Good morning. While I represent UMPIL – Unyon ng mga Manunulat sa Pilipinas or Writers Union of the Philippines – as its chair – and UMPIL happens to be one of the event sponsors, I would still like to take this opportunity to laud the people behind this important assembly.

We owe it to a couple of young fellows, Rosmon Tuazon and Arvin Mangohig of the UP Writers Club – guided as they were by UP Institute of Creative Writing director Vim Carmelo B. Nadera, who is also Secretary-General of UMPIL – that they conceived of this groundbreaking conference, and more than that, manifested the determination to push their idea and turn it into reality, gaining support from institutions such as the National Commission for Culture and the Arts (NCCA).

We are well aware that our writers, our women and men of letters, are getting younger by the year, and practically coming out of the woodwork. Each year, various writers’ workshops conduct a rigorous selection process before they can identify the applicants that deserve fellowships, from among scores of submissions.

In my youth, one or two workshops seemed to suffice.

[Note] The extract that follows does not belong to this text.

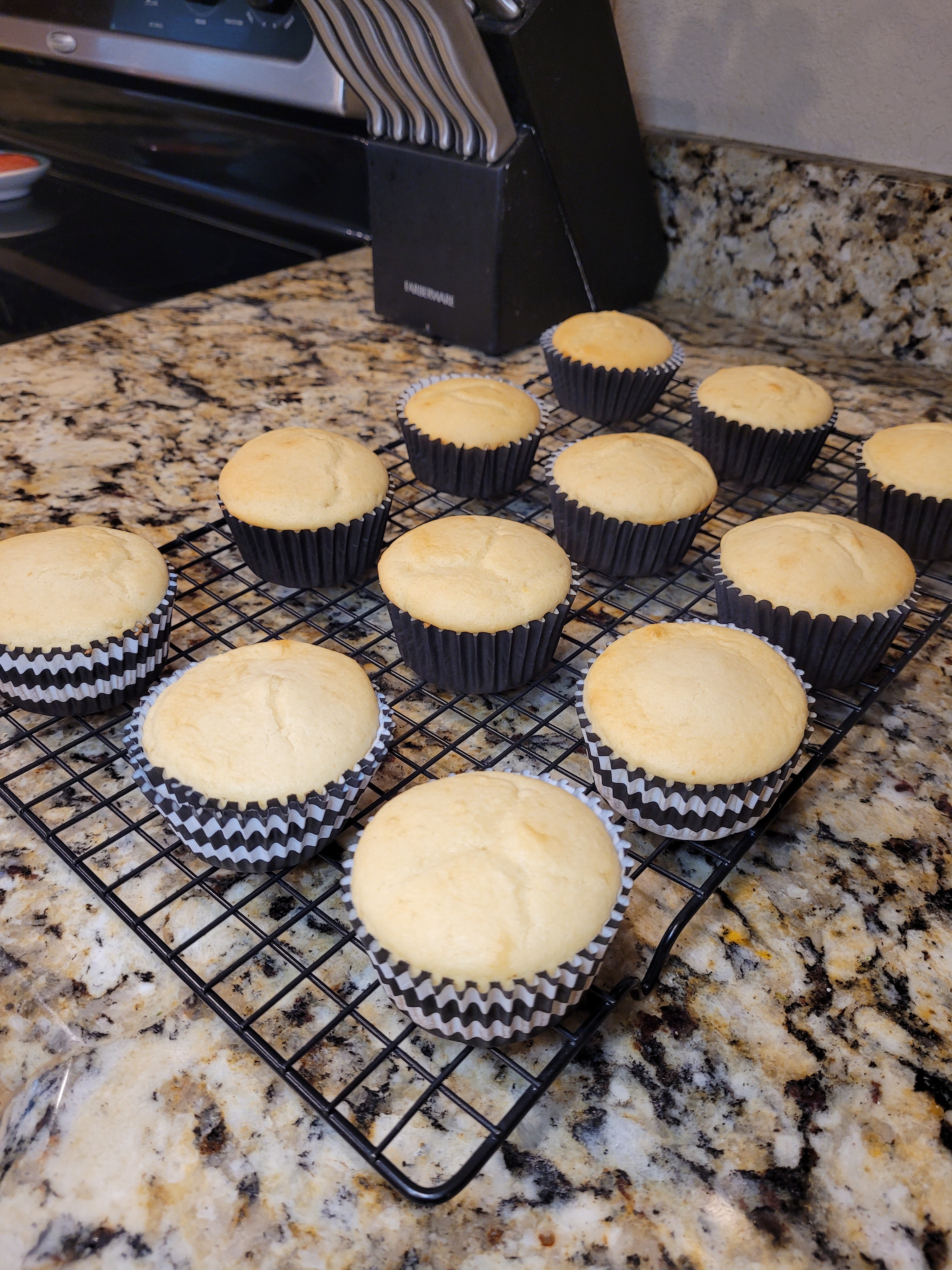 Let the cupcakes cool in the pan for 5-10 minutes before removing to cool completely on a cooling rack. You can put this in the fridge or freezer to speed up the process while you make frosting.

There were probably not as many young writers then who could fill the slots offered by the current number of creative writing workshops. And this goes to show that our numbers have gone rampant, and that the literary torch is being passed to an ever-expanding tribe of willing fire-bearers.

But this assembly is unique in that it is the first conference of its nature: a national students’ conference on literature, our literature. Well should its conduct go hand in hand with the exercise of mentorship that goes on in annual literary workshops.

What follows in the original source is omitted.